Mathematical Problems in Engineering

Volume 2015, Article ID 231394, 7 pages

http://dx.doi.org/10.1155/2015/231394

## A Hybrid Least Square Support Vector Machine Model with Parameters Optimization for Stock Forecasting

^{1}International Business School, Shaanxi Normal University, Xian 710062, China^{2}Department of Management Sciences, City University of Hong Kong, Hong Kong^{3}School of Business, Tung Wah College, Hong Kong

Received 30 May 2014; Accepted 20 August 2014

Academic Editor: Shifei Ding

Copyright © 2015 Jian Chai et al. This is an open access article distributed under the Creative Commons Attribution License, which permits unrestricted use, distribution, and reproduction in any medium, provided the original work is properly cited.

#### Abstract

This paper proposes an EMD-LSSVM (empirical mode decomposition least squares support vector machine) model to analyze the CSI 300 index. A WD-LSSVM (wavelet denoising least squares support machine) is also proposed as a benchmark to compare with the performance of EMD-LSSVM. Since parameters selection is vital to the performance of the model, different optimization methods are used, including simplex, GS (grid search), PSO (particle swarm optimization), and GA (genetic algorithm). Experimental results show that the EMD-LSSVM model with GS algorithm outperforms other methods in predicting stock market movement direction.

#### 1. Introduction

Stock market is one of the most sophisticated and challenging financial markets since many factors affect its movement, including government policy, global economic situation, investors’ expectations, and even correlations with other markets [1]. References [2, 3] described financial time series as essentially noisy, dynamic, and deterministically chaotic data sequences. Hence, a precise prediction of stock index movement can help investors make decisions to take or shed positions in the stock market at the right time and make profits. Many works have been published by researchers to maximize investment profits and minimize risk. Therefore, predicting stock market is quite important and significant.

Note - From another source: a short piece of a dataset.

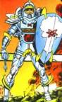 Powers: Atomic Knight wore a battlesuit powered by solar cells that gave him a degree of invulnerability and superhuman strength, protection from radiation and could trap opponents in a stasis field. The suit's attached blaster shot bursts of intense cold or heat. He possessed unspecified precognitive powers.History: A division of S.T.A.R. Labs researching how people would react to an atomic holocaust recruited Gardner Grayle as a test subject. They gave Grayle a battlesuit designed for a post-atomic world and had him test it out as Shining Knight. He joined the second incarnation of the Seven Soldiers of Victory to battle interstellar menace Agamemno.

Neural networks have been successfully applied in forecasting of financial time series during the past two decades [4–6]. Neural networks are general function approximations which can approximate many nonlinear functions regardless of the properties of time series data [7]. Besides, neural networks are able to learn dynamic systems which make them a more powerful tool for studying financial time series compared with traditional models [8–10]. However, there are a couple of weaknesses when neural networks are used in forecasting financial time series. For instance, when the typical back-propagation neural network is applied, a huge number of parameters are required to be controlled for. This makes the solution unstable and causes overfitting. The overfitting problem results in poor performance and becomes a critical issue for researchers.

Accordingly, [11] proposed a support vector machine (SVM) model. According to [12–14], there are two advantages of using SVM rather than neural networks. One is that SVM has a better performance in terms of generalization. Unlike the empirical risk minimization principle in traditional neural networks, SVM reduces generalization error bounds based on the structural risk minimization principle. SVM seeks to achieve an optimal structure through finding out a balance between generalization errors and Vapnik-Chervonenkis (VC) confidence interval. Another advantage is that SVM prevents the model from getting stuck into local minima.

Since the introduction of SVM, it has been developed rapidly in the real world. There are mainly two ways for applying SVM: one is classification and the other is regression. For classification, [15] constructed a SVM based model to accurately evaluate the consumers’ credit score and solve classification problems. Also, SVM is widely used in the area of forecasting. Reference [16] used SVM to predict the direction of daily stock price in the Korea composite stock price index (KOSPI). More recently, [17] applies the Support Vector Regression to forecast the Nikki 225 opening index and TAIEX closing index after detecting and removing the noise by independent component analysis (ICA).

However, the performance of SVM mainly depends on the input data and is sensitive to parameters. Recent empirical studies have demonstrated that properties of the model performance are influenced by two aspects: low level of signal to noise ratio (SNR) and instability of model specification during the estimation process. For example, [18] investigates the hyperparameters selection for support vector machine with different noise distributions to compare the model performance. Moreover, [19] applied wavelet to denoise the bearing vibration signals by improving the SNR and then figure out the best model according to the performances of ANN and SVM.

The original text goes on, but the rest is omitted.